Finding Stillness and Renewal in a Busy World
You meet some interesting characters in monasteries, and it’s not just the monks. A conversation with a fellow guest on a recent visit to Worth Abbey gave me a crucial idea for marketing my latest book.
Like many of the monastic houses I’ve visited over the years, Worth is in a beautiful location. It sits on the crest of a hill from which one can look down over a panoramic view of the Sussex High Weald and, on a clear day, all the way to the South Downs. It wasn’t a clear day when I arrived. It was in the midst of the Arctic snap that had gripped Britain at the start of January and it was cloudy, and raining to boot. No matter; it was a good excuse to hunker down in my monastic cell and catch up on some reading. And even if in the surrounding woods it was either very icy or very muddy according to the temperature, I managed to get out for some bracing walks. I also enjoyed being in the vast, wonderful, circular shaped Abbey church and being immersed in the lovely plainchant singing of the monks. And then there were the meals. The Benedictines like good food, as do I, and particular treats for me on this visit was breakfast coffee in bowls, French style, and ‘real’ honey from the comb to put on the tasty, wholemeal bread.

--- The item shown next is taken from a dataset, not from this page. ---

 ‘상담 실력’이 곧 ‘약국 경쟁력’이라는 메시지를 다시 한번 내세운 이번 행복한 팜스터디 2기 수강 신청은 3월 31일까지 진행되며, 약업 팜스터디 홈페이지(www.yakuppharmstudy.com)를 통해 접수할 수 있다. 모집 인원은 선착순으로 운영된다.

Also, eating in silence, with a monk reading aloud from a book, always gives the opportunity to really savour the taste and sight and smell of the food.
I don’t usually go to monasteries to socialise. On the contrary, I relish the opportunity to sink into the silence and the ancient, ordering, healing monastic rhythms. However, there was something that drew me to a guest that arrived the day after me, and it wasn’t just his Northern Irish accent, my favourite accent in the world. We got chatting one day in the guest sitting room and it turned out that Owen is the author of some best-selling self-help books. His first was entitled ‘Ten to Zen’ so he clearly had an eye for a catchy title, as well as an understanding of what literary agents and publishers are looking for. He was drawn to the title of my recently-finished book, ‘The Married Monk’ but suggested that it needed a subtitle. I went off and slept on it, having scribbled down a few ideas after compline, the final service of the day.

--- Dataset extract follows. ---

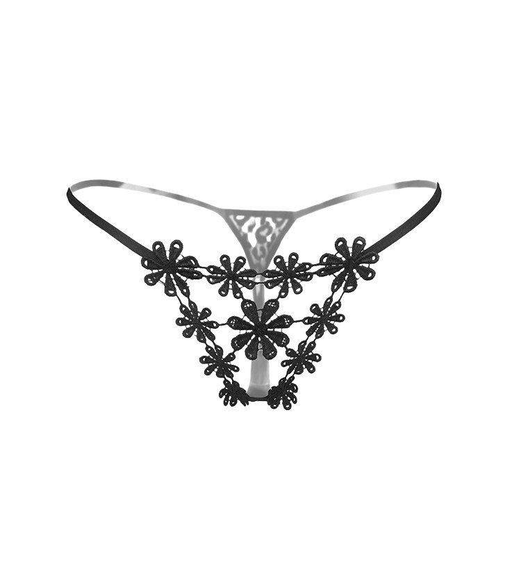 British Herberly Sexy Women's Underwear New Petal Embroidery Crotchless Panties Tempting Hollow-Out Thong T-Pants

There are some things I’ve especially appreciated from my more than thirty years of being a ‘married monk.’ Indeed, when I was the father of three young children, besides being in a people-intensive day job, my regular monastery day was something of a life-saver for me. For twenty-four blessed hours I would live as a monk. Then I would return to ‘the world’ a new man, very well rested and very well fed. As well as the great food, I’ve always enjoyed the walks in what are usually beautiful, peaceful surroundings, or simply sitting with a cup of tea: be it out in a garden or orchard in the summer or in my monastic cell if it’s the winter. And sometimes I’ve recalled to myself the words often said by the Irish Jesuit, William Johnston on his zen retreats: “Sitting, only sitting, and the grass grows by itself.”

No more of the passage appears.